As you might have guessed already, we call them “grocery stores”!

If you want to learn more about England and why they do the things they do, I highly recommend Watching the English – a must-read for anyone living in England or visiting.

Anyway, British grocery stores are completely different to our American ones in name and brand, so don’t come over here looking to find Publix in the UK or Kroger in the UK or Giant or your local favorite.
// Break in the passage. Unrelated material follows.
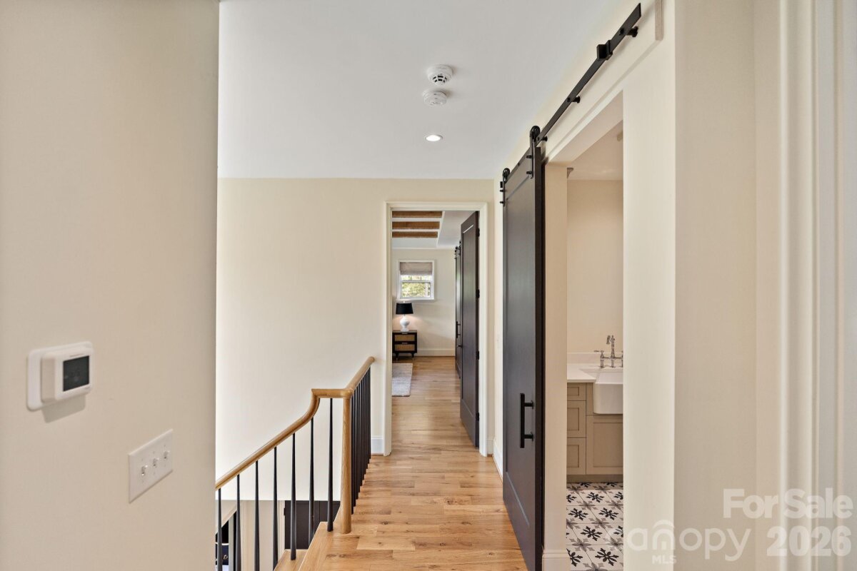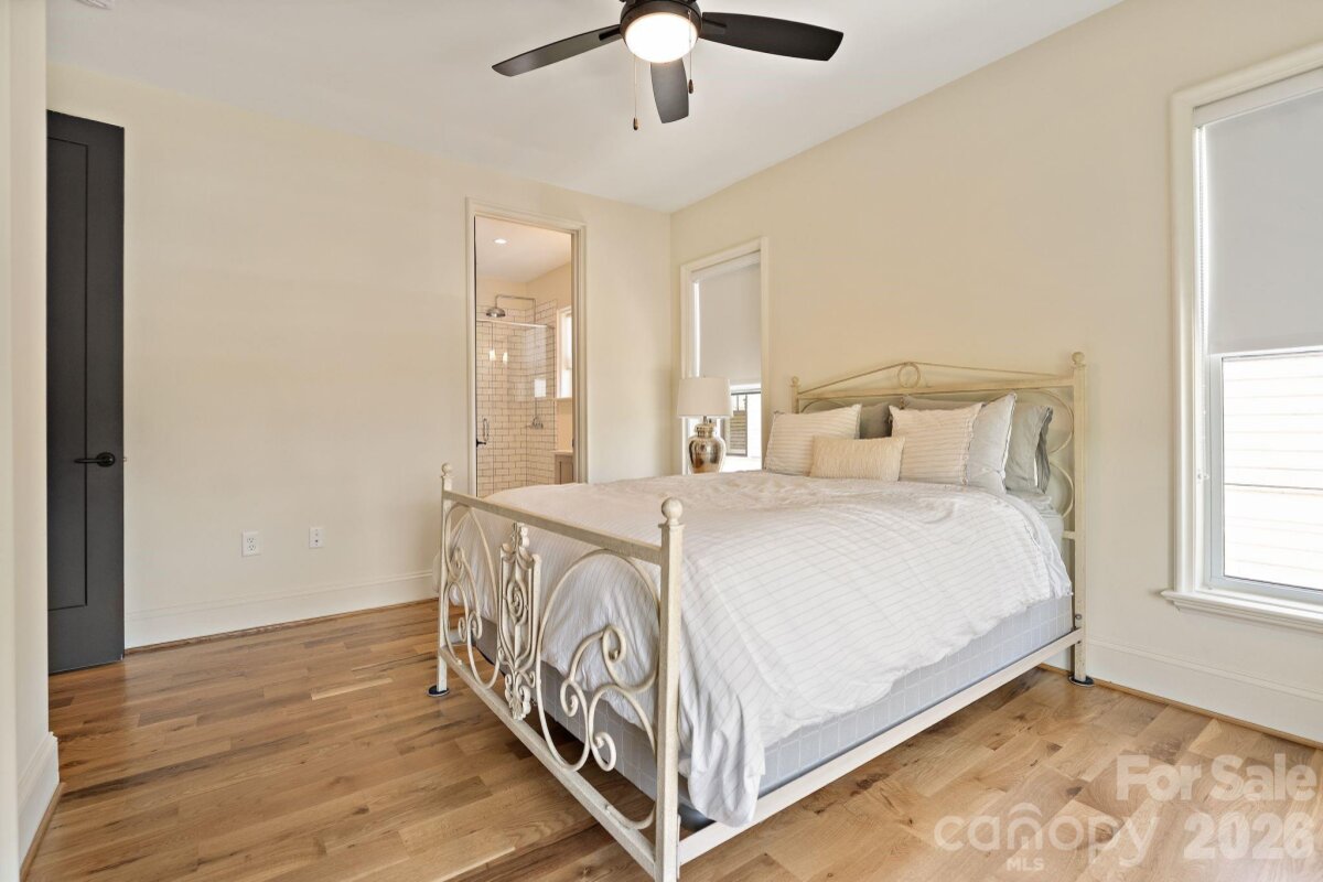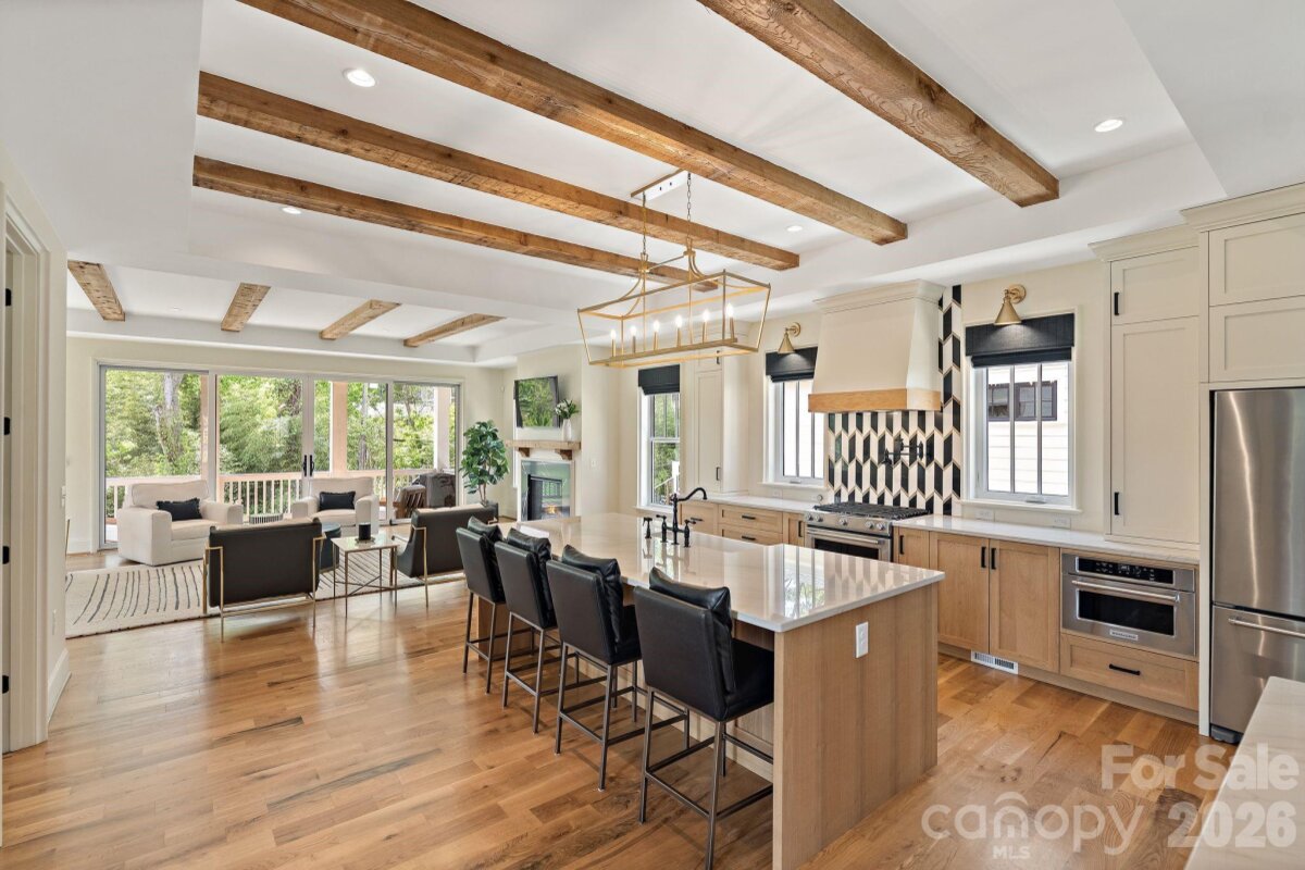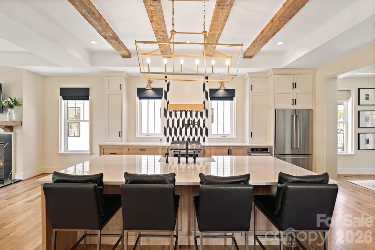 Step into this stunning 2022 Craftsman-style home, thoughtfully designed for both comfort and modern living. The heart of the home is a spacious gourmet kitchen featuring an impressive 8-foot quartz island—perfect for entertaining—alongside an oversized walk-in pantry complete with custom cabinetry and quartz countertops. Rich hardwood floors flow seamlessly throughout, leading into a generous living area highlighted by a one-of-a-kind designer wet bar, ideal for hosting guests or relaxing in style. The primary suite is a true retreat, showcasing elegant wood beam accents, a ceiling fan, and custom window treatments. The luxurious en-suite bath offers a soaking tub, dual vanity, tile flooring, and a private water closet for added comfort. Each of the second and third bedrooms features its own private full bath, providing convenience and privacy for family or guests. The gated drive leads to an oversize rear-entry garage with ample space for potentially four cars, plus built in storage shelves. Located at the end of Chesterfield Ave and part of Chantilly on the Green community, which allows one to take advantages of all the amenities - walking trails, fire pit, dog park and more.

Instead, you’ll find ones like Waitrose (which is for fancy people), Morrison’s, Sainsbury’s, Tesco, and Asda.

I know some people buy their groceries at Target, so check out this article I wrote about Target in the UK to find out if your favorite store has made it across the pond.

There are even more brands in the UK like the Co-op which tend to be smaller stores instead of massive ones.

These are meant to be the place you drop in when you forgot the milk rather than somewhere you go to do your shopping for the barbecue you decided to hold for 17 people tomorrow and now regret.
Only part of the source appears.